Data entries:

⟨

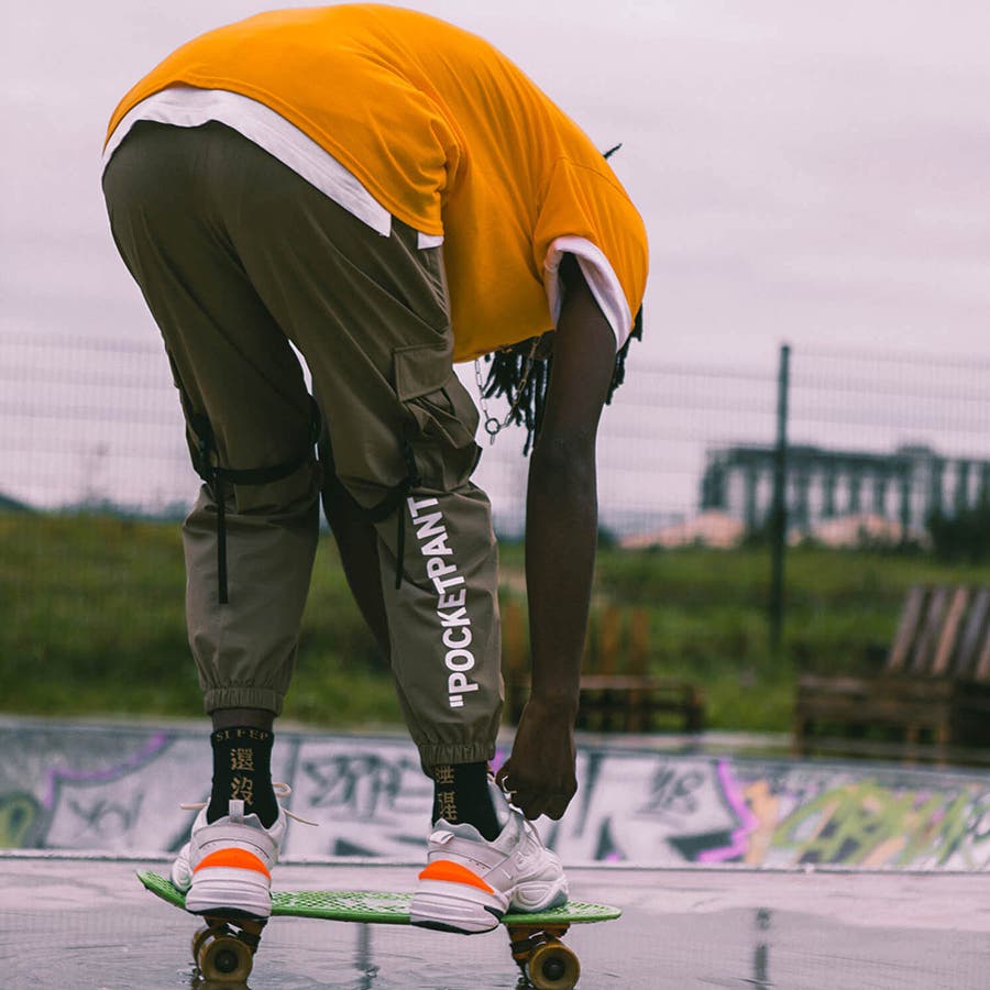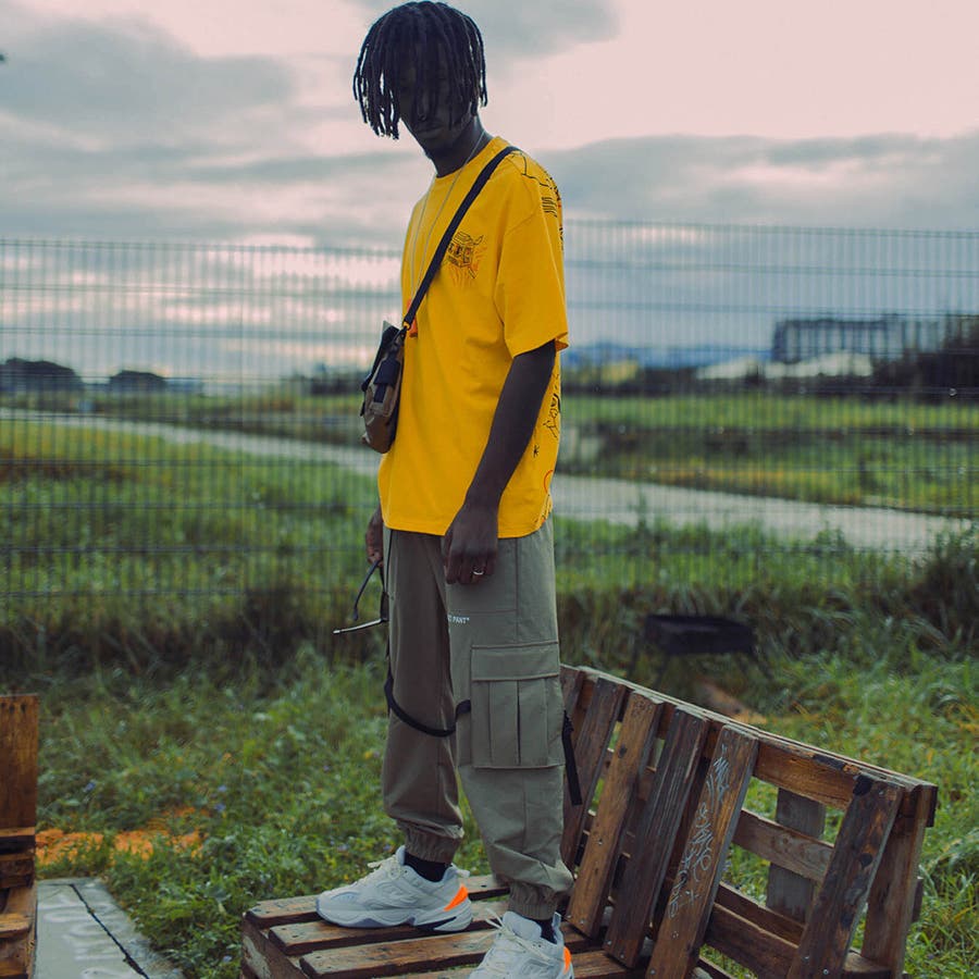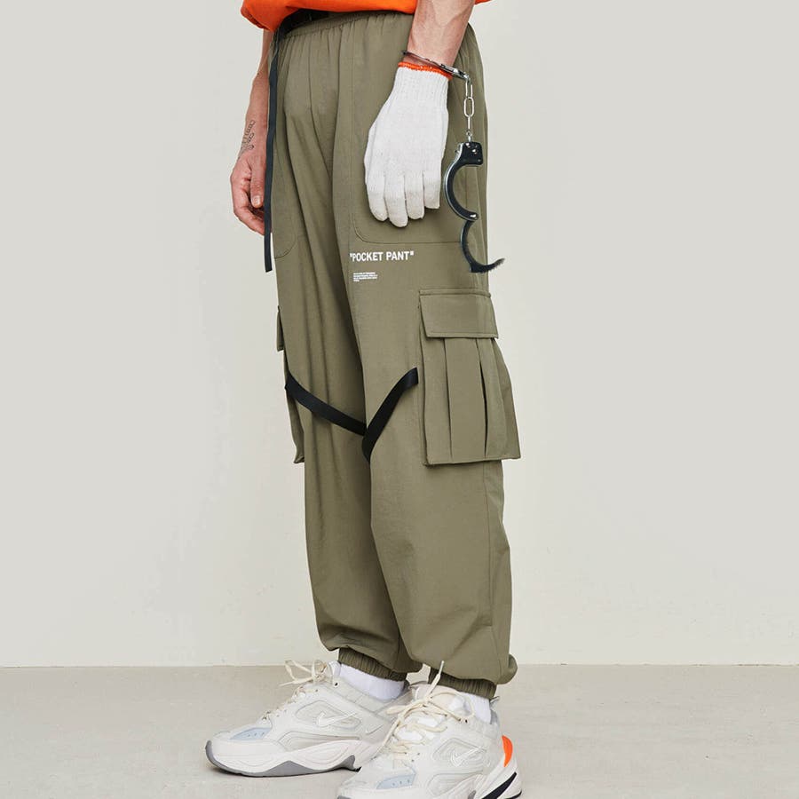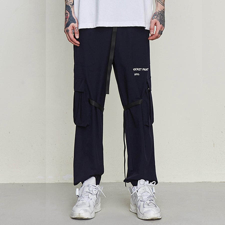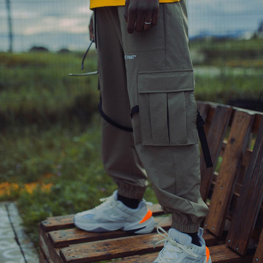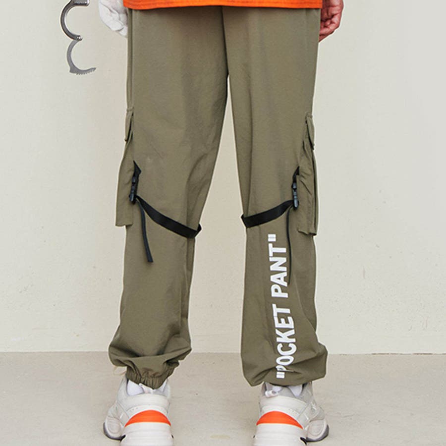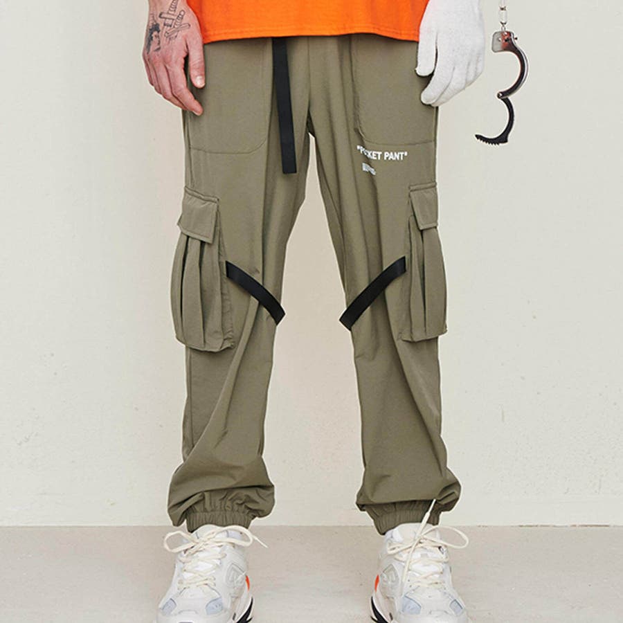 膝周りのバックルベルトがパンキッシュな雰囲気ながらも、ゆったりめのシルエットと適宜施されたタイポグラフィがストリート調の雰囲気に仕上げています。
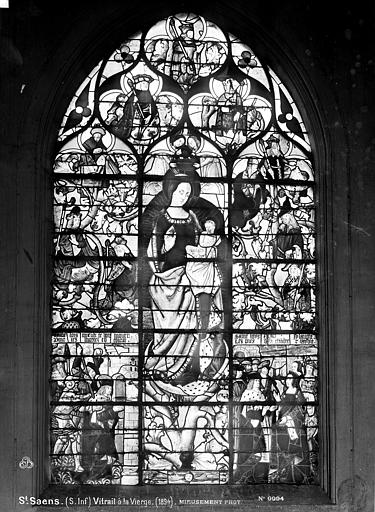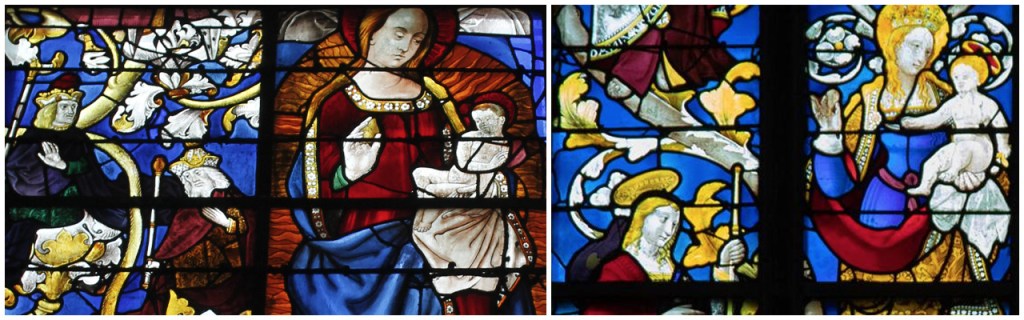 Une idée du maître-verrier ? André Lejeune (1929) évoque les ressemblances frappantes entre les vitraux des Scènes de la Passion et un vitrail de l’église Saint-Vincent de Rouen, supposant le même maître-verrier. Bon. Dommage, l’église en question n’est plus que ruines… Elle a subi un bombardement en 1944. Il n’existe plus que quelques-uns de ses vitraux ici et là, répertoriés sur patrimoine-histoire.fr. Ils datent ceux semblables aux vitraux saint-saënnais de 1520-1530, réalisé par un inconnu atelier rouennais influencé par le maître-verrier flamand « Arnoult de Nimègue qui avait quitté Rouen en 1513. » Est-ce quelqu’un de ce même atelier qui a réalisé les vitraux saint-saënnais ? Je le crois. En tout cas, c’est clairement dans cette mouvance de la Renaissance dont Arnoult de Nimègue fait partie. Une des caractéristiques de cette époque, outre les couleurs et les vêtements, c’est la Vierge Marie mieux mise en avant, qu’on retrouve notamment sur les deux vitraux du transept.
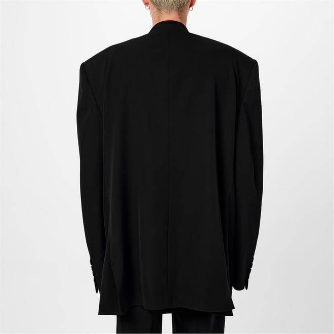Balenciaga introduces the Oversized Double Breasted Blazer, a classic style with a contemporary twist that demands attention. Known for its avant-garde designs and subversive take on fashion, the iconic label brings its expertise to bear with this men's jacket, meticulously crafted in luxurious virgin wool and cut in an oversized fit- this piece is framed by full-length sleeves with buttoned cuffs, and peak lapels on the collar reference classic tailoring codes, ensuring that you will look effortlessly sophisticated wherever you are.
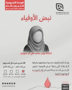 روان محمد علي آل صويملرحمها الله وأسكنها فسيح جناته، للتبرع بالدم؛ في مستشفى الأمير محمد بن فهد ،يوم الاثنين 8 سبتمبر 2025 ، عند الساعة 4:30م – 9:00 م
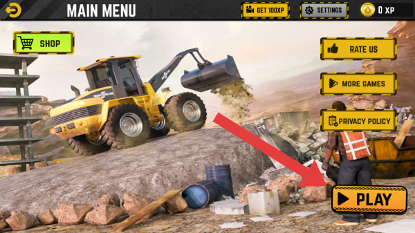 1、點擊PLAY方可進入場景游玩,畫面中有黃色挖掘機、穿著工裝的人物,呈現(xiàn)施工場景,還有0XP顯示。
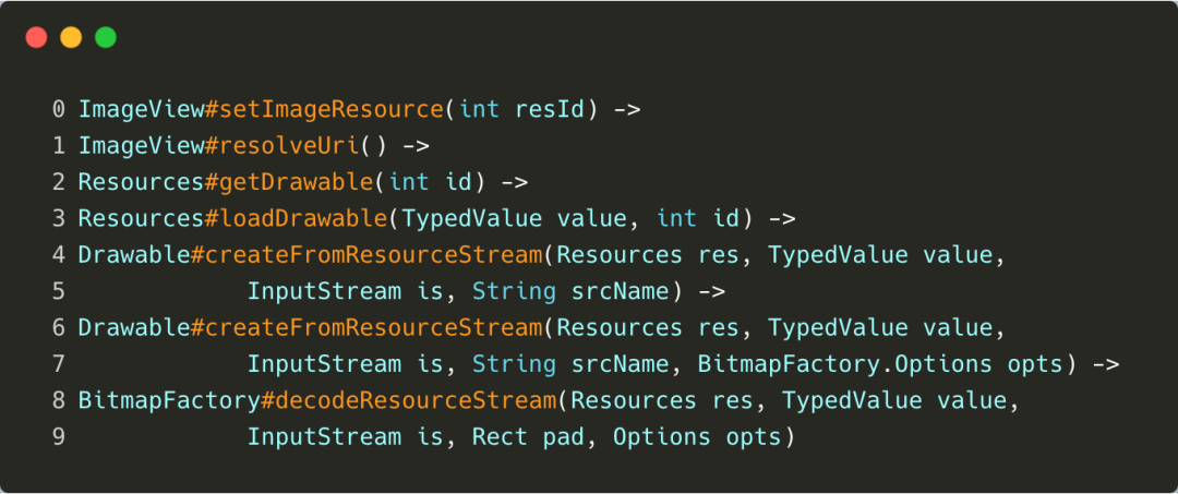 通过阅读源码,发现所有图片被加载解析成 Bitmap 的过程,最终都调用到了 BitmapFactory 中的方法。比如 ImageView 的 setImageResource() 的调用路径如下:
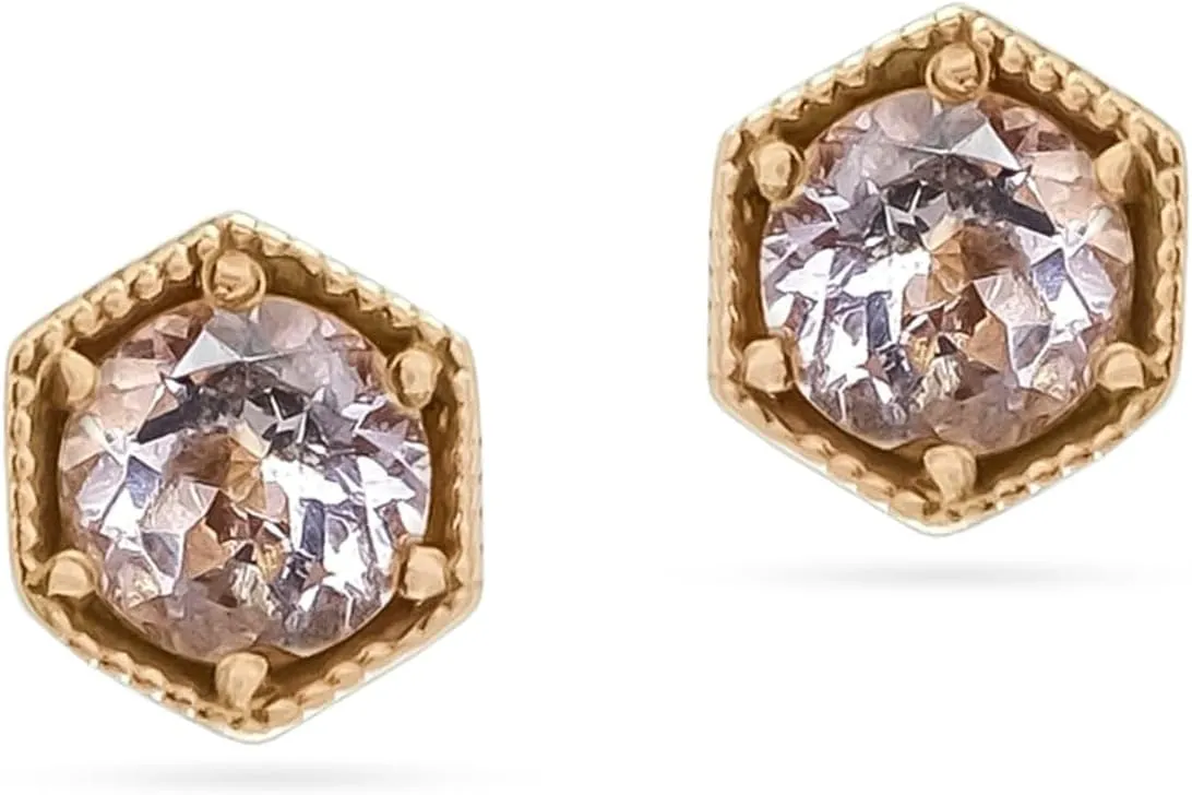 Add a touch of vintage elegance to your jewelry collection with these stunning hexagonal stud earrings. The delicate pink crystal stones are beautifully showcased in an intricate hexagonal setting, creating a perfect blend of classic and contemporary style. The 14K gold plated finish adds a luxurious warmth while maintaining durability for everyday wear. Each earring features detailed milgrain edging around the hexagonal frame, highlighting the sophisticated craftsmanship. The secure butterfly backs ensure comfortable, worry-free wear throughout your day. These versatile studs are perfectly sized to make a subtle yet striking statement, whether paired with your professional attire or adding sparkle to your evening ensemble. The romantic pink hue of the crystals catches and reflects light beautifully, creating a soft, feminine glow that complements any skin tone. These timeless pieces work equally well as your signature everyday accessories or as special occasion jewelry.
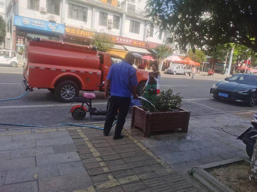 此次作业覆盖全镇主次干道及公共区域的绿化花圃,重点对绿林路行道树、回归创业园景观带、三阳村文化广场花坛等区域进行浇灌。工作人员采用“错峰作业”模式,避开正午高温时段,在清晨和傍晚进行浇灌,同时遵循“先浇新苗、再浇成株”的原则,增加近三个月新栽植的苗木浇灌频次,确保水分充分渗透根系。
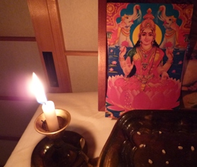 午後7時ごろラクシュミ祭を3人で楽しんだ。
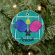 Pickleball Design Ornament mit anpassbarem Text auf beiden Seiten. Pickleball ist ein Schläger-/Paddelsport, der durch die Kombination von Elementen verschiedener anderer Schlägersportarten entstanden ist. Zwei oder vier Spieler benutzen solide Paddeln, um einen perforierten Polymer Ball über ein Netz zu schlagen.
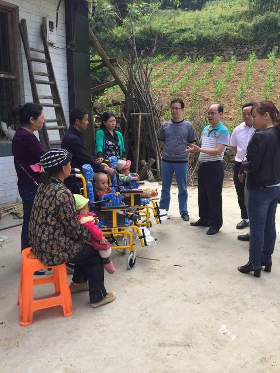 (圖為市人大王霞副主任(右三)帶領(lǐng)相關(guān)部門人員為三個(gè)孩子送去了輪椅)
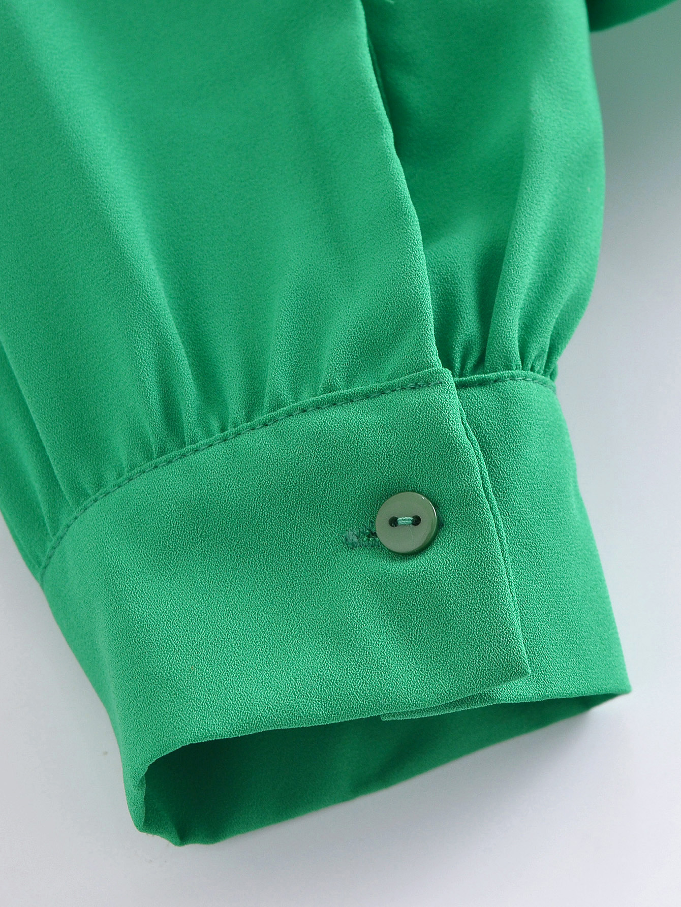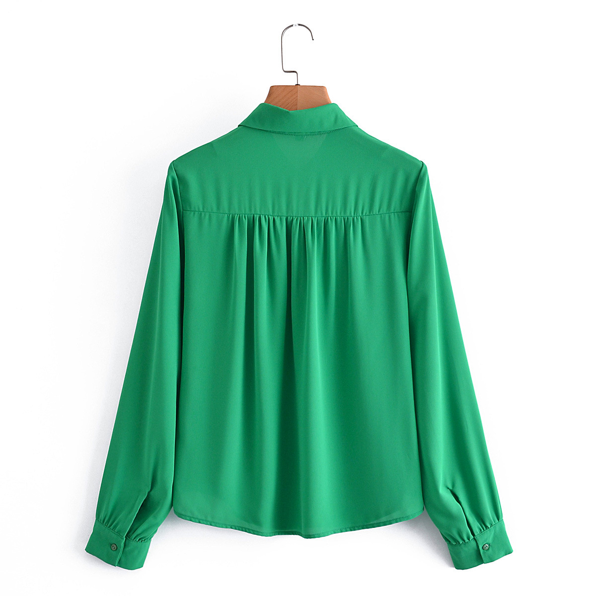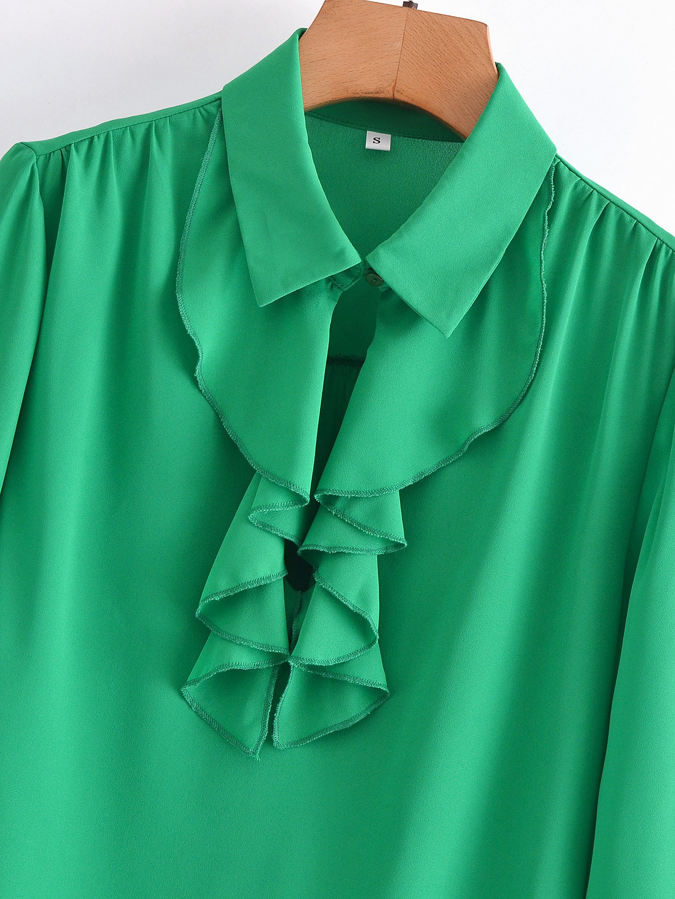 Women's Green Ruffled Lapel Long Sleeve Shirt

⟩

» **Exercise description**: The data needs to be reproduced exactly, please, apart from its pictures.

» **Solution to this task**:
 膝周りのバックルベルトがパンキッシュな雰囲気ながらも、ゆったりめのシルエットと適宜施されたタイポグラフィがストリート調の雰囲気に仕上げています。
 Une idée du maître-verrier ? André Lejeune (1929) évoque les ressemblances frappantes entre les vitraux des Scènes de la Passion et un vitrail de l’église Saint-Vincent de Rouen, supposant le même maître-verrier. Bon. Dommage, l’église en question n’est plus que ruines… Elle a subi un bombardement en 1944. Il n’existe plus que quelques-uns de ses vitraux ici et là, répertoriés sur patrimoine-histoire.fr. Ils datent ceux semblables aux vitraux saint-saënnais de 1520-1530, réalisé par un inconnu atelier rouennais influencé par le maître-verrier flamand « Arnoult de Nimègue qui avait quitté Rouen en 1513. » Est-ce quelqu’un de ce même atelier qui a réalisé les vitraux saint-saënnais ? Je le crois. En tout cas, c’est clairement dans cette mouvance de la Renaissance dont Arnoult de Nimègue fait partie. Une des caractéristiques de cette époque, outre les couleurs et les vêtements, c’est la Vierge Marie mieux mise en avant, qu’on retrouve notamment sur les deux vitraux du transept.
Balenciaga introduces the Oversized Double Breasted Blazer, a classic style with a contemporary twist that demands attention. Known for its avant-garde designs and subversive take on fashion, the iconic label brings its expertise to bear with this men's jacket, meticulously crafted in luxurious virgin wool and cut in an oversized fit- this piece is framed by full-length sleeves with buttoned cuffs, and peak lapels on the collar reference classic tailoring codes, ensuring that you will look effortlessly sophisticated wherever you are.
 روان محمد علي آل صويملرحمها الله وأسكنها فسيح جناته، للتبرع بالدم؛ في مستشفى الأمير محمد بن فهد ،يوم الاثنين 8 سبتمبر 2025 ، عند الساعة 4:30م – 9:00 م
 1、點擊PLAY方可進入場景游玩,畫面中有黃色挖掘機、穿著工裝的人物,呈現(xiàn)施工場景,還有0XP顯示。
 通过阅读源码,发现所有图片被加载解析成 Bitmap 的过程,最终都调用到了 BitmapFactory 中的方法。比如 ImageView 的 setImageResource() 的调用路径如下:
 Add a touch of vintage elegance to your jewelry collection with these stunning hexagonal stud earrings. The delicate pink crystal stones are beautifully showcased in an intricate hexagonal setting, creating a perfect blend of classic and contemporary style. The 14K gold plated finish adds a luxurious warmth while maintaining durability for everyday wear. Each earring features detailed milgrain edging around the hexagonal frame, highlighting the sophisticated craftsmanship. The secure butterfly backs ensure comfortable, worry-free wear throughout your day. These versatile studs are perfectly sized to make a subtle yet striking statement, whether paired with your professional attire or adding sparkle to your evening ensemble. The romantic pink hue of the crystals catches and reflects light beautifully, creating a soft, feminine glow that complements any skin tone. These timeless pieces work equally well as your signature everyday accessories or as special occasion jewelry.
 此次作业覆盖全镇主次干道及公共区域的绿化花圃,重点对绿林路行道树、回归创业园景观带、三阳村文化广场花坛等区域进行浇灌。工作人员采用“错峰作业”模式,避开正午高温时段,在清晨和傍晚进行浇灌,同时遵循“先浇新苗、再浇成株”的原则,增加近三个月新栽植的苗木浇灌频次,确保水分充分渗透根系。
 午後7時ごろラクシュミ祭を3人で楽しんだ。
 Pickleball Design Ornament mit anpassbarem Text auf beiden Seiten. Pickleball ist ein Schläger-/Paddelsport, der durch die Kombination von Elementen verschiedener anderer Schlägersportarten entstanden ist. Zwei oder vier Spieler benutzen solide Paddeln, um einen perforierten Polymer Ball über ein Netz zu schlagen.
 (圖為市人大王霞副主任(右三)帶領(lǐng)相關(guān)部門人員為三個(gè)孩子送去了輪椅)
 Women's Green Ruffled Lapel Long Sleeve Shirt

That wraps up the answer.